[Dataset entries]
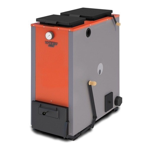Основным топливом для Твердотопливных отопительных котлов Теплодар серии Куппер КАРБО может служить как бурый уголь, так и кокс или даже угольные брикеты, но при этом имеется возможность перехода на газ или пеллеты, если установить горелки. Устройство оснащено регулятором температуры и будет держать нужную температуру даже при сгорании топлива.
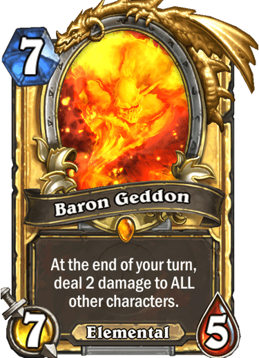 | Flavor Text | Baron Geddon was Ragnaros's foremost lieutenant, until he got FIRED. |
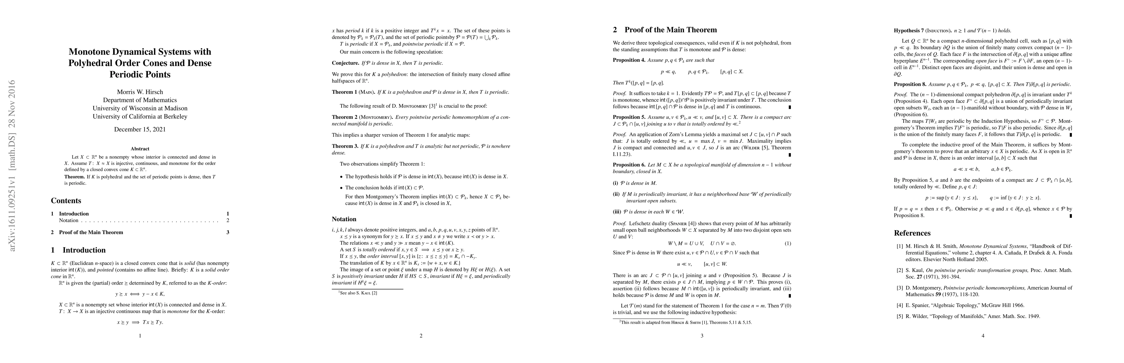Let X be a subset of R^n whose interior is connected and dense in X, ordered by a polyhedral cone in R^n with nonempty interior. Let T be a monotone homeomorphism of X whose periodic points are dense. Then T is periodic.
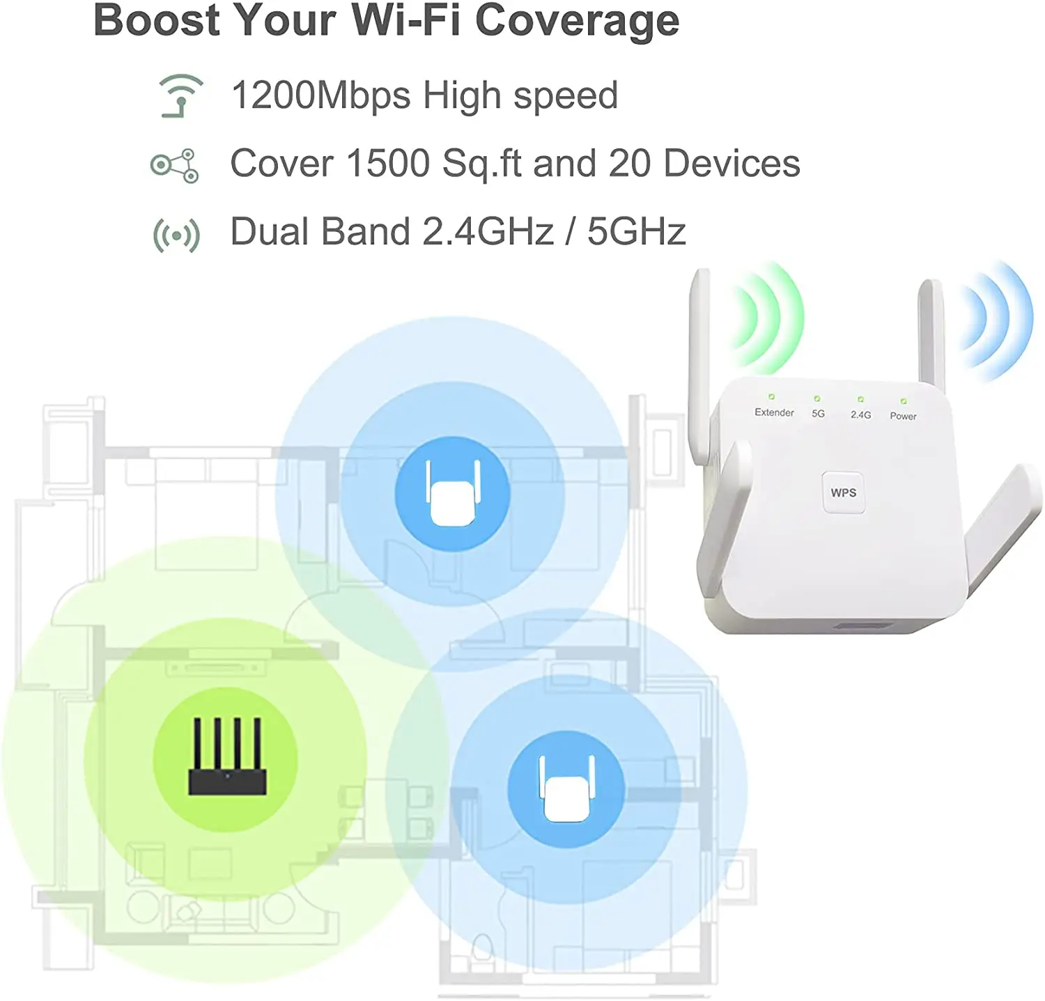Repetidor WiFi de 5 Ghz, extensor Wifi inalámbrico de 3000Mbps, amplificador Wi-Fi 802.11N, amplificador de señal Wi fi de largo alcance de 2,4G, retén Wifi
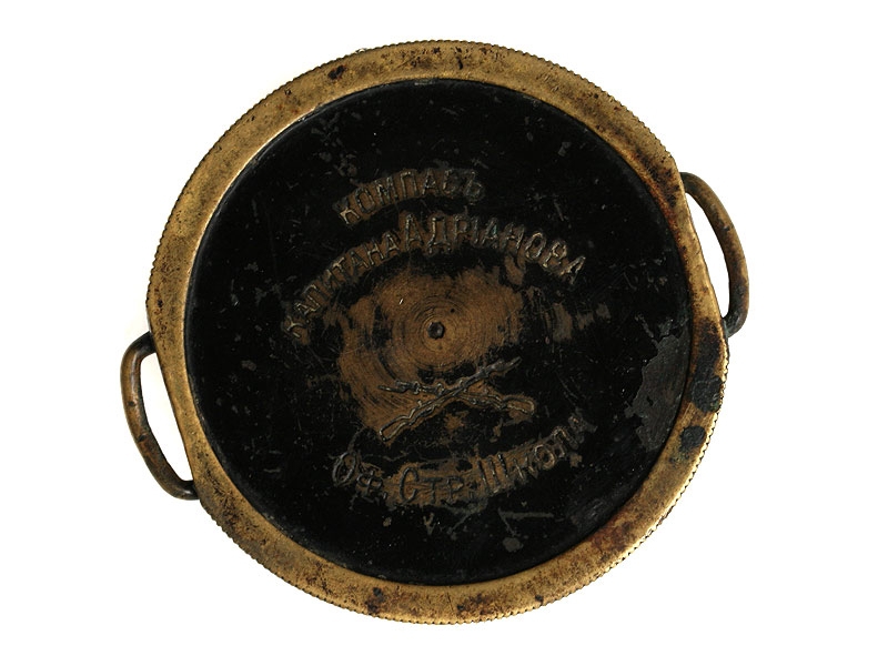 Офицерский армейский компас времен Первой мировой войны в хорошей сохранности. Корпус латунный, задняя крышка с надписью "Компасъ капитана Адрiанова", под которой помещено изображение скрещенных винтовок с аббревиатурой Офицерской стрелковой школы.
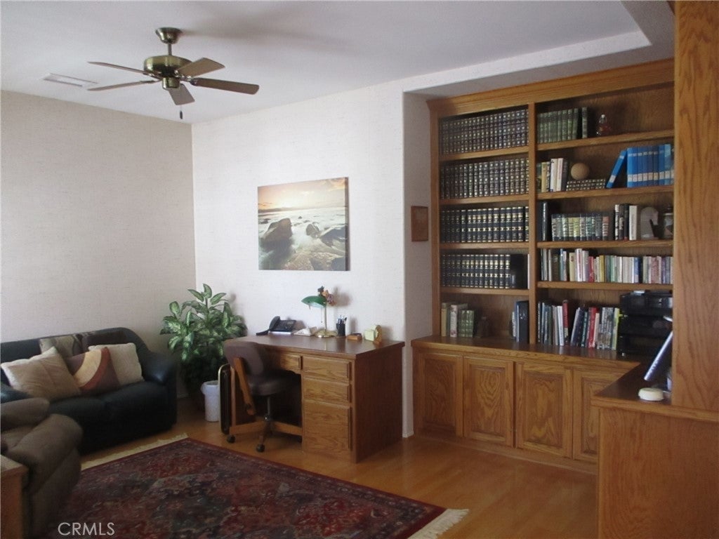 Beautiful Turnkey East Facing Home in The Colony a 55 plus Gated Community. Enter the 2 BD 2.5 Ba Home through your own gated courtyard. Step into the home through the formal living room area with a den office to the left, with elegant built in bookshelves. Notice the beautiful blonde wood floors. The dining, kitchen and great room area are located in the back of the home with a gorgeous marble fireplace. The kitchen is equipped with an island and gas cook top, and adorned with granite counter tops. Plenty of counter and cupboard space for chef's needs! The Ensuite is located towards the back of the home adorned with a Cove wall and windows for additional natural light. The Ensuite has a walk in closet with a skylight. The guest bedroom is located in the front of the home. Off the Great room is the entrance to the backyard patio area adorned by a wood covered area great to keep the summer sun and fall rain off while entertaining. Conveniently, there is Two car garage with an additional GOLF CART GARAGE. This home is one to put on your list to view!
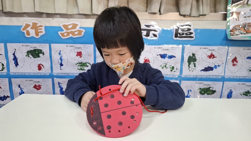 相簿名稱: 葡萄班-蒙特梭利教學(日常生活教育-瓢蟲穿洞板)
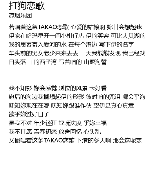 | 又搁唱着这条TAKAO恋歌 下港的冬天啊 那会这呢寒 |
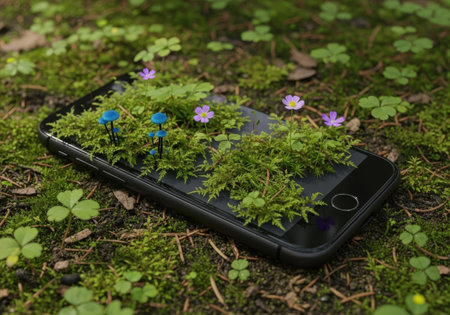 A black smartphone lies on a mossy forest floor, with moss, blue mushrooms, and purple flowers growing out of it, blending technology and nature in a surreal composition.
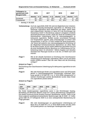 Drucksache 22/1203 Bürgerschaft der Freien und Hansestadt Hamburg – 22. Wahlperiode Strafverfolgungsstatistik, absolute Zahlen 2016 2017 2018 2019 Sonstige Zuchtmittel (nach § 15 JGG (Aufla gen wie Zahlungen eines Geldbetrags, Arbeitsleistungen etc.)) 532 563 466 401 Strafverfolgungsstatistik, Anteile in % Anzahl der verurteilten Jugendlichen und Heranwachsenden insgesamt 100 % 100 % 100 % 100 % Jugendstrafe 14,97 % 15,97 % 13,93 % 14,97 % davon ohne Strafaussetzung (§ 21 JGG) 8,36 % 9,08 % 8,71 % 9,42 % davon mit Strafaussetzung (§ 21 JGG) 6,60 % 6,89 % 5,21 % 5,55 % Jugendarrest 13 % 12 % 13 % 9% Sonstige Zuchtmittel (nach § 15 JGG (Aufla gen wie Zahlungen eines Geldbetrags, Ar beitsleistungen etc.)) 39 % 43 % 38 % 40 % Im Übrigen siehe Antwort zu 3. Frage 6: In wie vielen Fällen wurden Jugendliche und Heranwachsende seit dem Jahre 2016 jeweils zu einem Jugendarrest verurteilt? In wie vie len dieser Fälle wurden Jugendliche und Heranwachsende gemäß § 16a JGG zu einem Jugendarrest neben einer Jugendstrafe verur teilt? Wie häufig wurde Jugendarrest als Beugearrest verhängt, weil Weisungen oder Auflagen nicht nachgekommen wurde? Wie hat sich die Anzahl der vollzogenen Jugendarreste – differenziert nach Frei zeit-, Kurz- und Dauerarrest – entwickelt? Bitte jeweils pro Jahr in absoluten und prozentualen Zahlen angeben. Antwort zu Frage 6: Tabelle 6 2016 2017 2018 2019 Anzahl der Verurteilungen zu Jugendarrest 178 163 156 95 Anzahl der Verurteilungen zu Jugendarrest gemäß § 16 a JGG 0 1 0 2 Die Beugearreste, die im Beschlusswege erlassen werden, werden statistisch nicht erfasst. Eine händische Auswertung mehrerer Hundert Vollstreckungsakten jährlich ist in der für die Beantwortung Parlamentarischer Anfragen zur Verfügung stehenden Zeit nicht möglich. Einen Anhaltspunkt liefern die Aufnahmeanträge und vollstreckten Beu gearreste, die im Vorgangsverwaltungssystem der Jugendarrestanstalt vermerkt sind: Tabelle 7 Beugearreste 2016 2017 2018 2019 Anzahl der Aufnahmeersuchen 391 335 340 347 Vollzogene Beugearreste 175 154 160 158 Im Übrigen siehe Antwort zu 3. Tabelle 8 Vollzogene Ju gendarreste (inkl. 2016 2017 2019 2020* Beugearreste) absolut in % absolut in % absolut in % absolut in % Anzahl der vollzo genen Jugendar reste 256 238 205 84 Dauerarrest 196 77% 182 76% 155 76% 73 87% 4
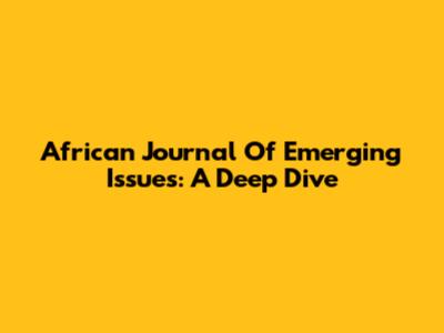 African Journal Of Emerging Issues: A Deep Dive
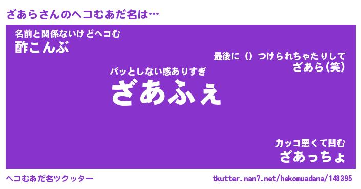 | 胡散臭い通販商品みたいなあだ名 | 『億万長者になれる水晶球…その名も「ざあら」』 |
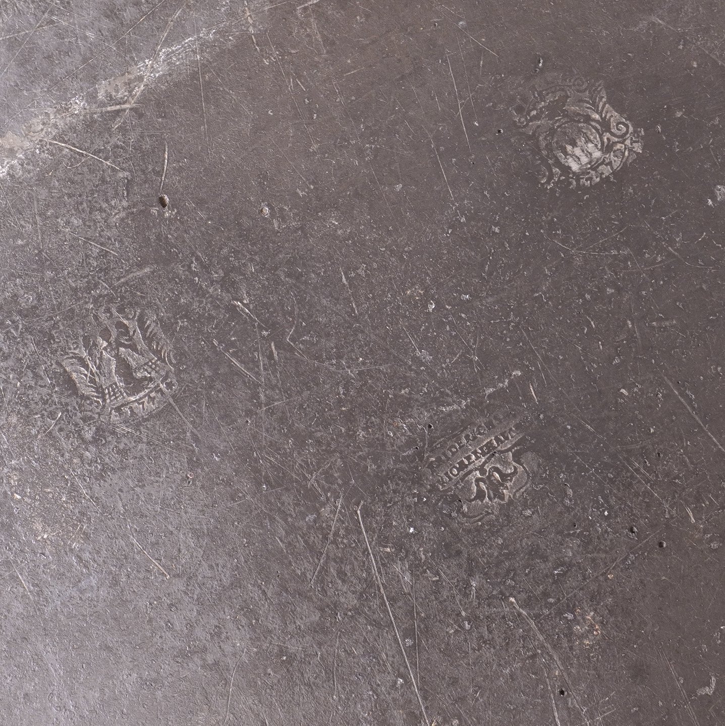 Tidligt og stort ovalt dyrerygsfad i tin udført af Friedrich Friedrich, København, 1747-1797, ca. år 1780
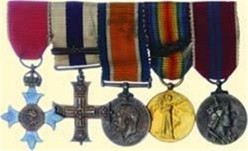 Mounted Group of Five; Order of the British Empire, badge 2nd type, silver gilt and obverse enamelled, civil ribbon 2nd type; Military Cross - GVR with one clasp, silver; British War and Victory Medals / WW I with one palm branch; Coronation Medal 1953 (E. II), silver. With ribbons mounted for wearing. Fine quality with some patina!
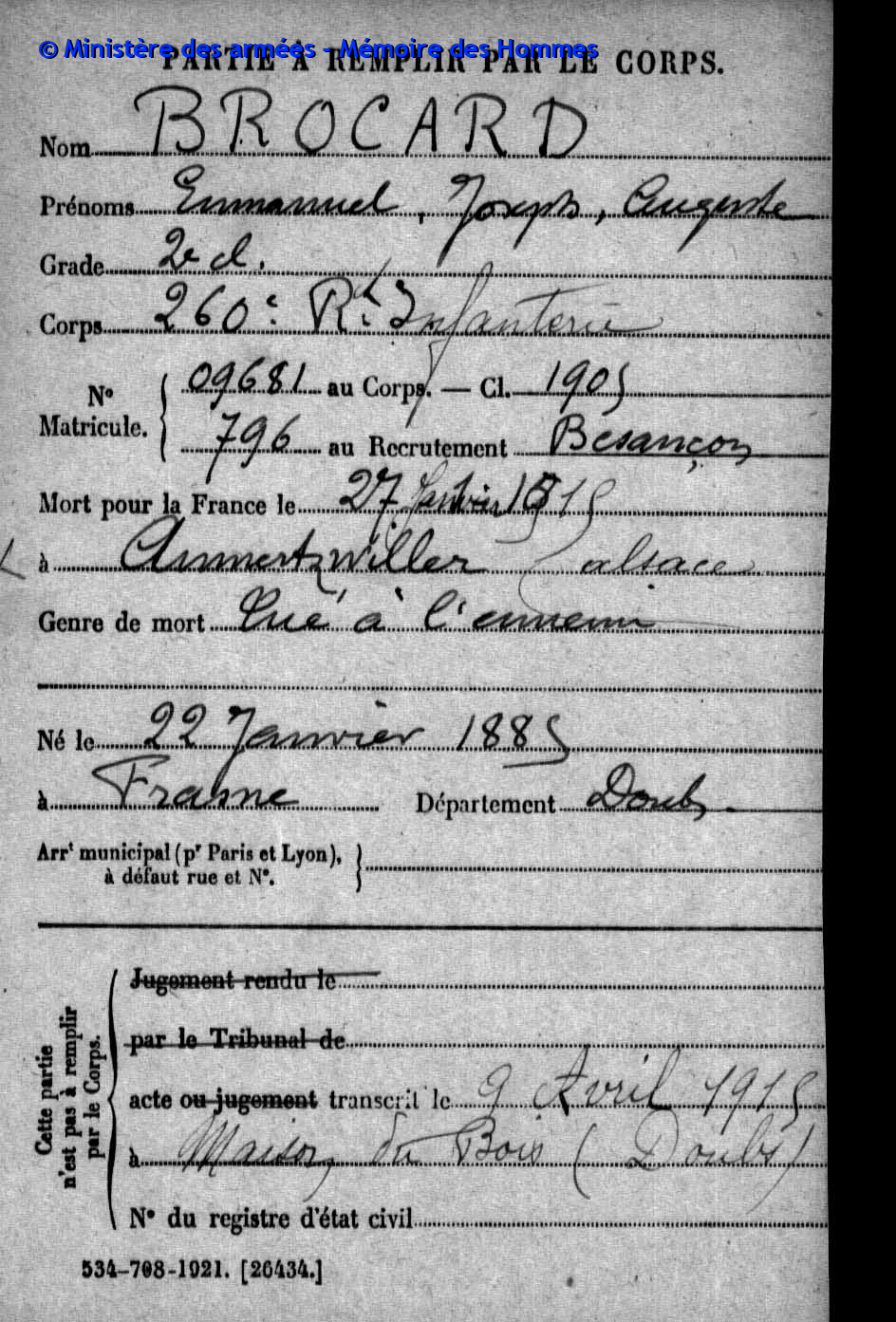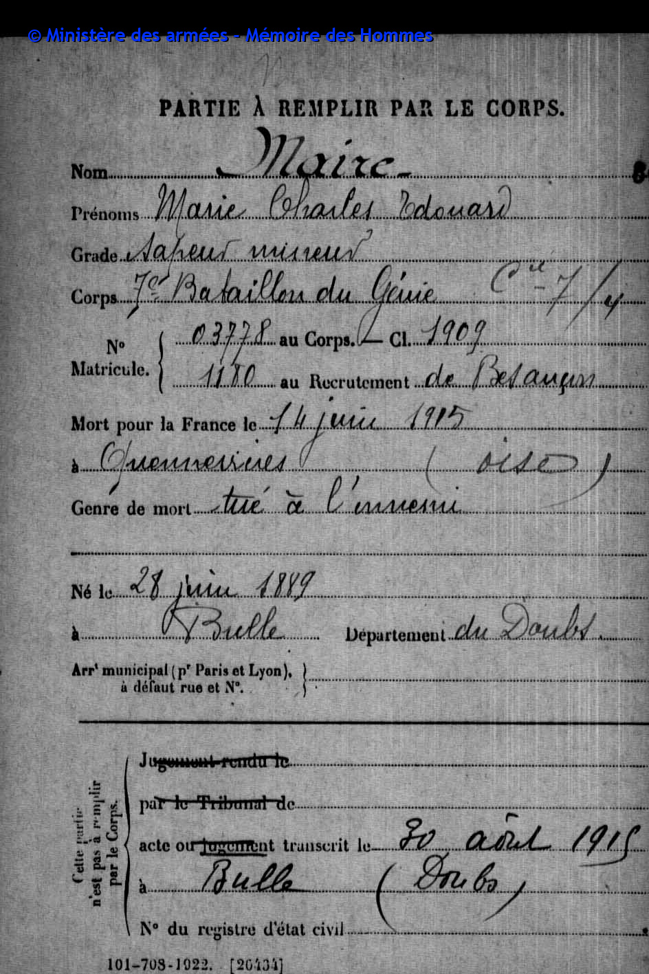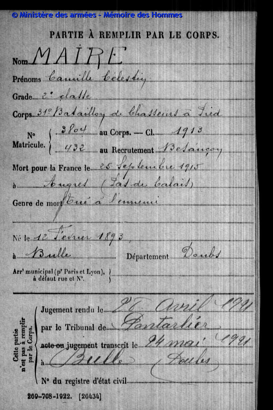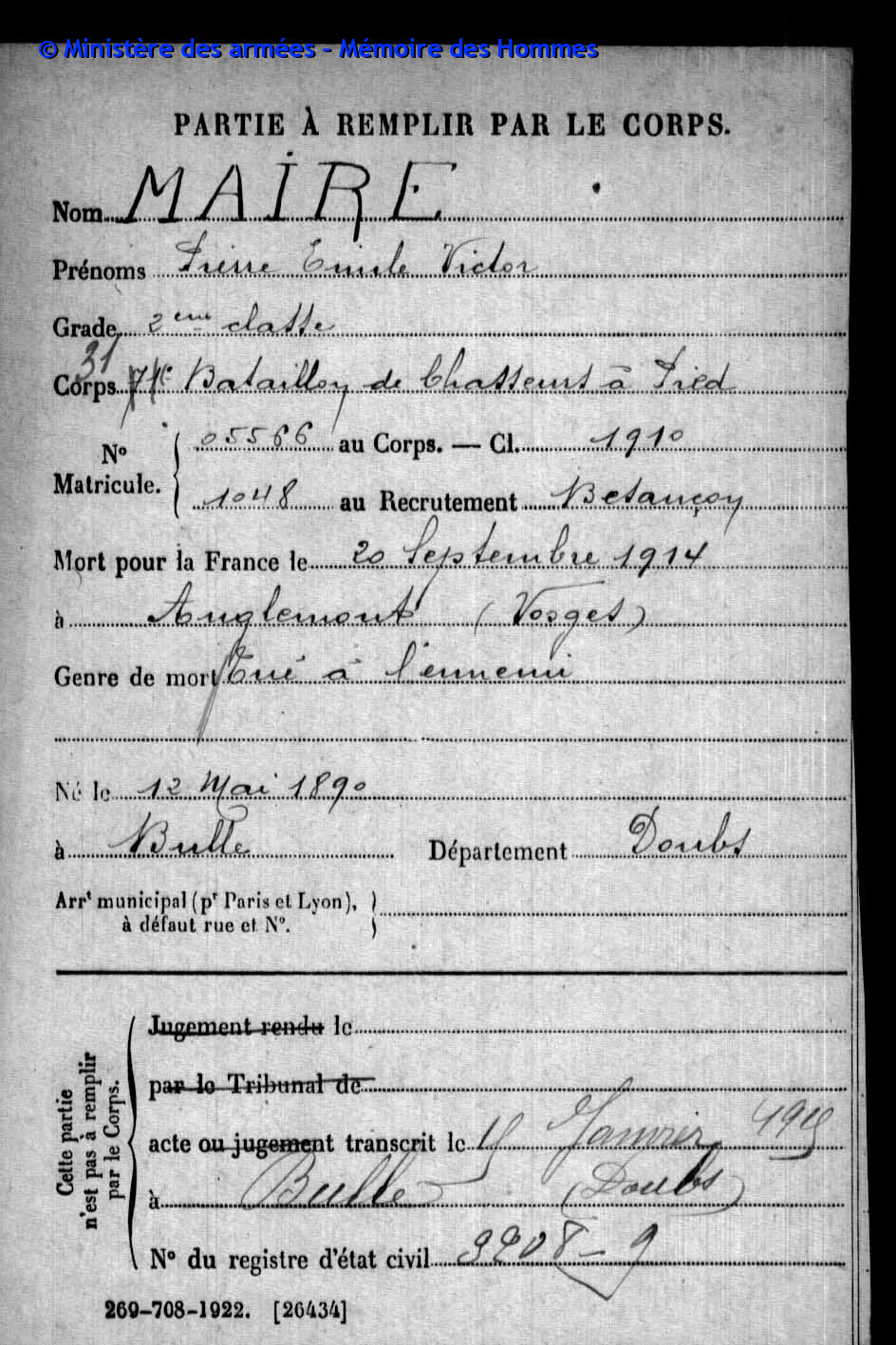 2ème classe MAIRE Pierre Emile Victor 12.05.1890 - 20.09.1914 31ème Bataillon de Chasseurs à Pied Gefallen in Anglemont in den Vogesen (F) |

**REQUIREMENT:**
When you output the entries, keep each line exactly as it is and leave out any pictures.

**EXPECTED ANSWER:**
Основным топливом для Твердотопливных отопительных котлов Теплодар серии Куппер КАРБО может служить как бурый уголь, так и кокс или даже угольные брикеты, но при этом имеется возможность перехода на газ или пеллеты, если установить горелки. Устройство оснащено регулятором температуры и будет держать нужную температуру даже при сгорании топлива.
 | Flavor Text | Baron Geddon was Ragnaros's foremost lieutenant, until he got FIRED. |
Let X be a subset of R^n whose interior is connected and dense in X, ordered by a polyhedral cone in R^n with nonempty interior. Let T be a monotone homeomorphism of X whose periodic points are dense. Then T is periodic.
Repetidor WiFi de 5 Ghz, extensor Wifi inalámbrico de 3000Mbps, amplificador Wi-Fi 802.11N, amplificador de señal Wi fi de largo alcance de 2,4G, retén Wifi
 Офицерский армейский компас времен Первой мировой войны в хорошей сохранности. Корпус латунный, задняя крышка с надписью "Компасъ капитана Адрiанова", под которой помещено изображение скрещенных винтовок с аббревиатурой Офицерской стрелковой школы.
 Beautiful Turnkey East Facing Home in The Colony a 55 plus Gated Community. Enter the 2 BD 2.5 Ba Home through your own gated courtyard. Step into the home through the formal living room area with a den office to the left, with elegant built in bookshelves. Notice the beautiful blonde wood floors. The dining, kitchen and great room area are located in the back of the home with a gorgeous marble fireplace. The kitchen is equipped with an island and gas cook top, and adorned with granite counter tops. Plenty of counter and cupboard space for chef's needs! The Ensuite is located towards the back of the home adorned with a Cove wall and windows for additional natural light. The Ensuite has a walk in closet with a skylight. The guest bedroom is located in the front of the home. Off the Great room is the entrance to the backyard patio area adorned by a wood covered area great to keep the summer sun and fall rain off while entertaining. Conveniently, there is Two car garage with an additional GOLF CART GARAGE. This home is one to put on your list to view!
 相簿名稱: 葡萄班-蒙特梭利教學(日常生活教育-瓢蟲穿洞板)
 | 又搁唱着这条TAKAO恋歌 下港的冬天啊 那会这呢寒 |
 A black smartphone lies on a mossy forest floor, with moss, blue mushrooms, and purple flowers growing out of it, blending technology and nature in a surreal composition.
 Drucksache 22/1203 Bürgerschaft der Freien und Hansestadt Hamburg – 22. Wahlperiode Strafverfolgungsstatistik, absolute Zahlen 2016 2017 2018 2019 Sonstige Zuchtmittel (nach § 15 JGG (Aufla gen wie Zahlungen eines Geldbetrags, Arbeitsleistungen etc.)) 532 563 466 401 Strafverfolgungsstatistik, Anteile in % Anzahl der verurteilten Jugendlichen und Heranwachsenden insgesamt 100 % 100 % 100 % 100 % Jugendstrafe 14,97 % 15,97 % 13,93 % 14,97 % davon ohne Strafaussetzung (§ 21 JGG) 8,36 % 9,08 % 8,71 % 9,42 % davon mit Strafaussetzung (§ 21 JGG) 6,60 % 6,89 % 5,21 % 5,55 % Jugendarrest 13 % 12 % 13 % 9% Sonstige Zuchtmittel (nach § 15 JGG (Aufla gen wie Zahlungen eines Geldbetrags, Ar beitsleistungen etc.)) 39 % 43 % 38 % 40 % Im Übrigen siehe Antwort zu 3. Frage 6: In wie vielen Fällen wurden Jugendliche und Heranwachsende seit dem Jahre 2016 jeweils zu einem Jugendarrest verurteilt? In wie vie len dieser Fälle wurden Jugendliche und Heranwachsende gemäß § 16a JGG zu einem Jugendarrest neben einer Jugendstrafe verur teilt? Wie häufig wurde Jugendarrest als Beugearrest verhängt, weil Weisungen oder Auflagen nicht nachgekommen wurde? Wie hat sich die Anzahl der vollzogenen Jugendarreste – differenziert nach Frei zeit-, Kurz- und Dauerarrest – entwickelt? Bitte jeweils pro Jahr in absoluten und prozentualen Zahlen angeben. Antwort zu Frage 6: Tabelle 6 2016 2017 2018 2019 Anzahl der Verurteilungen zu Jugendarrest 178 163 156 95 Anzahl der Verurteilungen zu Jugendarrest gemäß § 16 a JGG 0 1 0 2 Die Beugearreste, die im Beschlusswege erlassen werden, werden statistisch nicht erfasst. Eine händische Auswertung mehrerer Hundert Vollstreckungsakten jährlich ist in der für die Beantwortung Parlamentarischer Anfragen zur Verfügung stehenden Zeit nicht möglich. Einen Anhaltspunkt liefern die Aufnahmeanträge und vollstreckten Beu gearreste, die im Vorgangsverwaltungssystem der Jugendarrestanstalt vermerkt sind: Tabelle 7 Beugearreste 2016 2017 2018 2019 Anzahl der Aufnahmeersuchen 391 335 340 347 Vollzogene Beugearreste 175 154 160 158 Im Übrigen siehe Antwort zu 3. Tabelle 8 Vollzogene Ju gendarreste (inkl. 2016 2017 2019 2020* Beugearreste) absolut in % absolut in % absolut in % absolut in % Anzahl der vollzo genen Jugendar reste 256 238 205 84 Dauerarrest 196 77% 182 76% 155 76% 73 87% 4
 African Journal Of Emerging Issues: A Deep Dive
 | 胡散臭い通販商品みたいなあだ名 | 『億万長者になれる水晶球…その名も「ざあら」』 |
 Tidligt og stort ovalt dyrerygsfad i tin udført af Friedrich Friedrich, København, 1747-1797, ca. år 1780
 Mounted Group of Five; Order of the British Empire, badge 2nd type, silver gilt and obverse enamelled, civil ribbon 2nd type; Military Cross - GVR with one clasp, silver; British War and Victory Medals / WW I with one palm branch; Coronation Medal 1953 (E. II), silver. With ribbons mounted for wearing. Fine quality with some patina!
 2ème classe MAIRE Pierre Emile Victor 12.05.1890 - 20.09.1914 31ème Bataillon de Chasseurs à Pied Gefallen in Anglemont in den Vogesen (F) |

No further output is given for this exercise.